=== Section Start ===

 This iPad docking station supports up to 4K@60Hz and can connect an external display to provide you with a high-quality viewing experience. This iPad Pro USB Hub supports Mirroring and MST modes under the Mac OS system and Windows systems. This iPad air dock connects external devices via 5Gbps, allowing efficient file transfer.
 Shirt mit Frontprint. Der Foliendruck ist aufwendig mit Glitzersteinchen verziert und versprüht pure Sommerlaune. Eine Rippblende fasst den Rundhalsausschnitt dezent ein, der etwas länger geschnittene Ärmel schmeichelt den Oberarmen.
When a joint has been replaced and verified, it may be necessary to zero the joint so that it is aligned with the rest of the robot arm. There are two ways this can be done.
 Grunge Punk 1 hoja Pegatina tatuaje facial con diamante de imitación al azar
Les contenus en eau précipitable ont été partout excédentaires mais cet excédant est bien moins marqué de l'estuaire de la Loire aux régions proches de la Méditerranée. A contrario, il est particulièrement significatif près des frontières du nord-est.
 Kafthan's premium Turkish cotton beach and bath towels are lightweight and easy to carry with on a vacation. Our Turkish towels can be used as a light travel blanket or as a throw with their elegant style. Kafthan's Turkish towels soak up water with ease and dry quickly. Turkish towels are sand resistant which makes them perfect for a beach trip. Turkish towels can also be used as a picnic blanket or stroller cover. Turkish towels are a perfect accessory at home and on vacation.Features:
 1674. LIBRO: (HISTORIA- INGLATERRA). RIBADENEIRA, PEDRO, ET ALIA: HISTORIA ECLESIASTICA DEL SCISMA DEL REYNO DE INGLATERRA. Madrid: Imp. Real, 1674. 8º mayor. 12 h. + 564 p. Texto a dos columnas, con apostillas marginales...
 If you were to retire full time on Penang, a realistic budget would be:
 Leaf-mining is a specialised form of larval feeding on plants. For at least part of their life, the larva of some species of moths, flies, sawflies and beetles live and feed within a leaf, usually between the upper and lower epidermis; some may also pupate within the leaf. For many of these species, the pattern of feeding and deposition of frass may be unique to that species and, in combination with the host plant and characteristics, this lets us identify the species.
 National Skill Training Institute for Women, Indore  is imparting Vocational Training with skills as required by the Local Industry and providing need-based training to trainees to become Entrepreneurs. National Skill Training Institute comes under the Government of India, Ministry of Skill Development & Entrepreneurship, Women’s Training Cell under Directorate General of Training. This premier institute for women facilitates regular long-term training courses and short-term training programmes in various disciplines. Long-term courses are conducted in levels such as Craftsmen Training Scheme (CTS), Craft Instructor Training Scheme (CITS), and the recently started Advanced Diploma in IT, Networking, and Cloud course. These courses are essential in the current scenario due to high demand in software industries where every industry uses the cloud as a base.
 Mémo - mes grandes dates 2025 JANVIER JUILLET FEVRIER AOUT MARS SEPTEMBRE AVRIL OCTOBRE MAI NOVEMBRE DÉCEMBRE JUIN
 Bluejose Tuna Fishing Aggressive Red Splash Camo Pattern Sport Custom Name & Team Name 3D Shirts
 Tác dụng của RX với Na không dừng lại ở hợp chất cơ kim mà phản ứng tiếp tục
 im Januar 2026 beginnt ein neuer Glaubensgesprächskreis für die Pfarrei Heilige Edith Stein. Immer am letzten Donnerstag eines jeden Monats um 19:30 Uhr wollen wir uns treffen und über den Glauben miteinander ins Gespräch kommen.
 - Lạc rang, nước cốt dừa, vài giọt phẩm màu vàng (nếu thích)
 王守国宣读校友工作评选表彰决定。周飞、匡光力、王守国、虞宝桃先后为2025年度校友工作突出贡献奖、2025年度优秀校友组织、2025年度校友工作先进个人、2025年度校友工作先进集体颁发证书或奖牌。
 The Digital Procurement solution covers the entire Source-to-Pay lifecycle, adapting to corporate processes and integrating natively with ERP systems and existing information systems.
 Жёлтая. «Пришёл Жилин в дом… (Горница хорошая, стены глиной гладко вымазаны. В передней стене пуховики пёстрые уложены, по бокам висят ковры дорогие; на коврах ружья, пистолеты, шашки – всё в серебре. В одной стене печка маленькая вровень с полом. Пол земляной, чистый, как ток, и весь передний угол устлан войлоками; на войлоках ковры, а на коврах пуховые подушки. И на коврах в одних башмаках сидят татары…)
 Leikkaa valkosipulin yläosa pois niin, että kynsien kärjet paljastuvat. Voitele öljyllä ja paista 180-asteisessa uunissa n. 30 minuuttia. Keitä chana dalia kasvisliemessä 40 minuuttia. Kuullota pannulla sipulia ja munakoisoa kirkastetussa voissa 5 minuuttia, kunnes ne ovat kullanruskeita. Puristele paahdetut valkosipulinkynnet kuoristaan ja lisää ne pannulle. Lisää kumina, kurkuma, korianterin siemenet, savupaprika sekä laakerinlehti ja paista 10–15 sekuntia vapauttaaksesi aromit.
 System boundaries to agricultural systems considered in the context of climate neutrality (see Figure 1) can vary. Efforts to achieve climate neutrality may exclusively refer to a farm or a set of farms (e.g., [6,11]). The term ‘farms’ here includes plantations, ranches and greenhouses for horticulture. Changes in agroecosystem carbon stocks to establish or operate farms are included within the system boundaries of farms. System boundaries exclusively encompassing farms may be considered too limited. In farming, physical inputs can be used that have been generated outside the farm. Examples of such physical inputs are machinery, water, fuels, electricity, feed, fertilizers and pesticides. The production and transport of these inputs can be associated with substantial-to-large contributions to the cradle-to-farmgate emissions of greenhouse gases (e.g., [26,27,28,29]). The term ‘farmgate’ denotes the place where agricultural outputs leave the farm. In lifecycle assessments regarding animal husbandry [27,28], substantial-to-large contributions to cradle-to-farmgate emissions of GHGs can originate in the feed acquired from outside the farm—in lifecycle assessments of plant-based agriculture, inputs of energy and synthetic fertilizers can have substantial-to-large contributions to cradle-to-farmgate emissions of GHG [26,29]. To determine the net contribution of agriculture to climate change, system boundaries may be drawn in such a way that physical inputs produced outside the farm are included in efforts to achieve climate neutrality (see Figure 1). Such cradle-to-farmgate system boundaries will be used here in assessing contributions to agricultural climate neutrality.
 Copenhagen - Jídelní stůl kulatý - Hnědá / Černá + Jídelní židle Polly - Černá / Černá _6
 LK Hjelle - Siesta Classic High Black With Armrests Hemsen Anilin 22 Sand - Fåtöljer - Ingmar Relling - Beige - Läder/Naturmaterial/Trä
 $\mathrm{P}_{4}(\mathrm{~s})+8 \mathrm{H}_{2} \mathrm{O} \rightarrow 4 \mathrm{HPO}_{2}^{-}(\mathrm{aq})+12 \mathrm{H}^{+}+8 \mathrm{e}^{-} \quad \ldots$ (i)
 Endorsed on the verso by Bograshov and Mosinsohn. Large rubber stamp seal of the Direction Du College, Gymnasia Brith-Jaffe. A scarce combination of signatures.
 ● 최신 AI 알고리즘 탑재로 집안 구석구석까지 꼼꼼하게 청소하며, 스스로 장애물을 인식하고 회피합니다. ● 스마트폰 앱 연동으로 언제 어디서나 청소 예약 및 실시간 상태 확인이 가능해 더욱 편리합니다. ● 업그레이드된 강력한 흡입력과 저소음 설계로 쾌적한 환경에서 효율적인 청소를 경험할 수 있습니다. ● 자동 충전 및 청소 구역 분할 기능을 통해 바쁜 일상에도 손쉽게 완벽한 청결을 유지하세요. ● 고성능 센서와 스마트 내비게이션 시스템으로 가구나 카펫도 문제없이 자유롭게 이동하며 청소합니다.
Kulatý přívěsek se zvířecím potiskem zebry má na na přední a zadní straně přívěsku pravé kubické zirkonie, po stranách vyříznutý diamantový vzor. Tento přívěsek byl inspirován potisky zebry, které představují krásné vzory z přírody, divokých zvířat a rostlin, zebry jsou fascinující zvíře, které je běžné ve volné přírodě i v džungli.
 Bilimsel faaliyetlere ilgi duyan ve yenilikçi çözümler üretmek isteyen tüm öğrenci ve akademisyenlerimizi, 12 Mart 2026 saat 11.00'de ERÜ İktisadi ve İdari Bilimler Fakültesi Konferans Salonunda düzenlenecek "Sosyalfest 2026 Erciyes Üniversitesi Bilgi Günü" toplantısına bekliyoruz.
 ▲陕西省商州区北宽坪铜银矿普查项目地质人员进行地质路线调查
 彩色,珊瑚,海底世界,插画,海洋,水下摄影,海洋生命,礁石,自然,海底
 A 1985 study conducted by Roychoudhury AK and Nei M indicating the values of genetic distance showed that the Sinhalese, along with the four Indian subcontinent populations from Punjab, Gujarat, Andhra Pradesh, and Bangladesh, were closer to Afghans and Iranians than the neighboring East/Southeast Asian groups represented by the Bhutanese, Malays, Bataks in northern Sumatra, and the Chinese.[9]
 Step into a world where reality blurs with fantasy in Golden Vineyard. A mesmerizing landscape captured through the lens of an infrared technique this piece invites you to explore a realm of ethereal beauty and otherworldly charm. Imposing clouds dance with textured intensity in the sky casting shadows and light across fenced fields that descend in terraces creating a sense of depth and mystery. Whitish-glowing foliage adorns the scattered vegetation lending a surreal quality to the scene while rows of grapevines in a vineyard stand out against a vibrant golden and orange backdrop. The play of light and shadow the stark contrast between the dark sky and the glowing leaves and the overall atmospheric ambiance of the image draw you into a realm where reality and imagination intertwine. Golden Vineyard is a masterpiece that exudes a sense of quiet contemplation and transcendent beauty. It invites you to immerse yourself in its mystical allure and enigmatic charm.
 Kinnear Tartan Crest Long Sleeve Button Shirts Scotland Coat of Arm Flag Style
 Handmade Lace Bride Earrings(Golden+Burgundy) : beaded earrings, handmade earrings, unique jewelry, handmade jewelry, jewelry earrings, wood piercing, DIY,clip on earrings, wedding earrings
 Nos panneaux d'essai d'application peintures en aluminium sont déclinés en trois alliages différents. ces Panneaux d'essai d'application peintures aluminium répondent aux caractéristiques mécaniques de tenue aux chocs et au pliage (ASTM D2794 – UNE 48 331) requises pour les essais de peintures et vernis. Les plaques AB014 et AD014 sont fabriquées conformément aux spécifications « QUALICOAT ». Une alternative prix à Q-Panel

=== Section End ===

The task | When copying the data above, please keep exactly the lines from its first line through the line with "Les contenus en", both ends included, and drop the rest.

Answer area |
 This iPad docking station supports up to 4K@60Hz and can connect an external display to provide you with a high-quality viewing experience. This iPad Pro USB Hub supports Mirroring and MST modes under the Mac OS system and Windows systems. This iPad air dock connects external devices via 5Gbps, allowing efficient file transfer.
 Shirt mit Frontprint. Der Foliendruck ist aufwendig mit Glitzersteinchen verziert und versprüht pure Sommerlaune. Eine Rippblende fasst den Rundhalsausschnitt dezent ein, der etwas länger geschnittene Ärmel schmeichelt den Oberarmen.
When a joint has been replaced and verified, it may be necessary to zero the joint so that it is aligned with the rest of the robot arm. There are two ways this can be done.
 Grunge Punk 1 hoja Pegatina tatuaje facial con diamante de imitación al azar
Les contenus en eau précipitable ont été partout excédentaires mais cet excédant est bien moins marqué de l'estuaire de la Loire aux régions proches de la Méditerranée. A contrario, il est particulièrement significatif près des frontières du nord-est.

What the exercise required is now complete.